▶ How to complete this task
Output only the lines that run from the line holding "Editor: So this" to the end of the data below, including both ends, without any pictures.

::: Exercise inputs

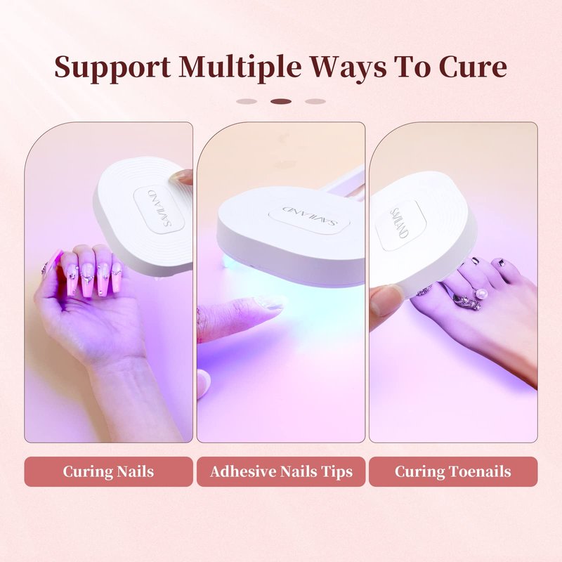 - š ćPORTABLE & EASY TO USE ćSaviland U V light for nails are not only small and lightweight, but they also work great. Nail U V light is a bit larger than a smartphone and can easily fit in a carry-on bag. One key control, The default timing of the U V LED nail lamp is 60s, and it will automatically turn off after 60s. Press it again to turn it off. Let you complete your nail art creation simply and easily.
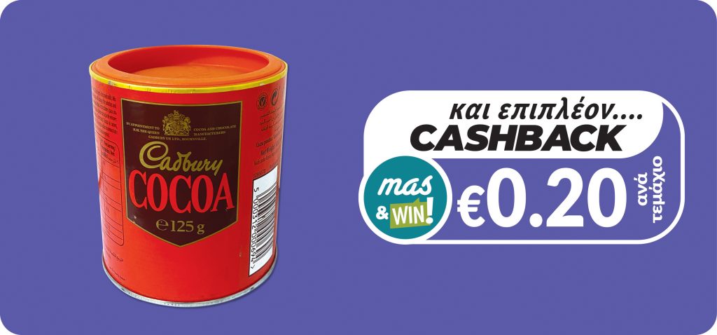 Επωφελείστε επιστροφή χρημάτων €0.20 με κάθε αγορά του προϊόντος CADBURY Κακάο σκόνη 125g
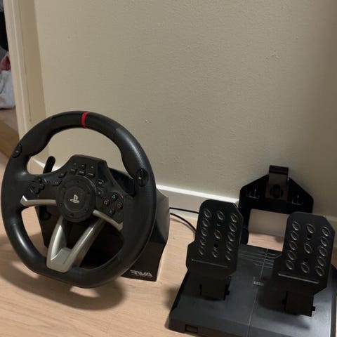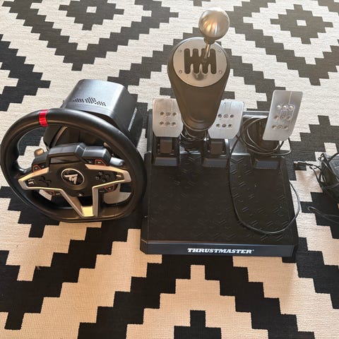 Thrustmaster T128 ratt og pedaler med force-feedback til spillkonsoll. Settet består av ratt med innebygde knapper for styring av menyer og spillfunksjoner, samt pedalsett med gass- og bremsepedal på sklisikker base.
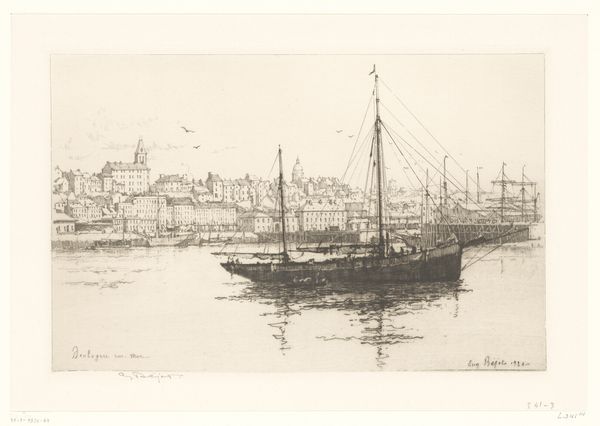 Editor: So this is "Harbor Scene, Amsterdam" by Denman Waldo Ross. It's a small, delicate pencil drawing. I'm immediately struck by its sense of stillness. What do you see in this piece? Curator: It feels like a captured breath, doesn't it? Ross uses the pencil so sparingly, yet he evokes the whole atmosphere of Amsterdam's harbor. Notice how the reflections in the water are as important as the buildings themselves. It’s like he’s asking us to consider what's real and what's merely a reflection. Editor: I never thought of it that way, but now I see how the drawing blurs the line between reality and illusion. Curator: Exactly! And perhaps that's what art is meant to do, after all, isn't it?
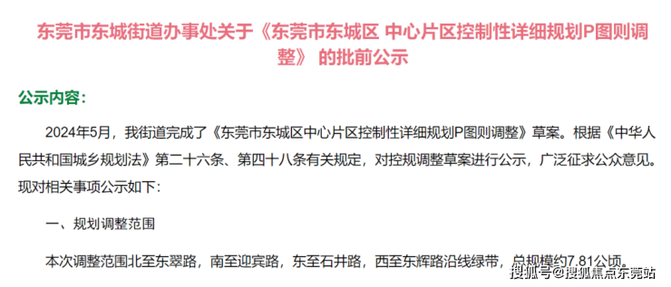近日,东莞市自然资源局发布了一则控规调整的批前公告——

::::::

▶ Answer section
 Editor: So this is "Harbor Scene, Amsterdam" by Denman Waldo Ross. It's a small, delicate pencil drawing. I'm immediately struck by its sense of stillness. What do you see in this piece? Curator: It feels like a captured breath, doesn't it? Ross uses the pencil so sparingly, yet he evokes the whole atmosphere of Amsterdam's harbor. Notice how the reflections in the water are as important as the buildings themselves. It’s like he’s asking us to consider what's real and what's merely a reflection. Editor: I never thought of it that way, but now I see how the drawing blurs the line between reality and illusion. Curator: Exactly! And perhaps that's what art is meant to do, after all, isn't it?
近日,东莞市自然资源局发布了一则控规调整的批前公告——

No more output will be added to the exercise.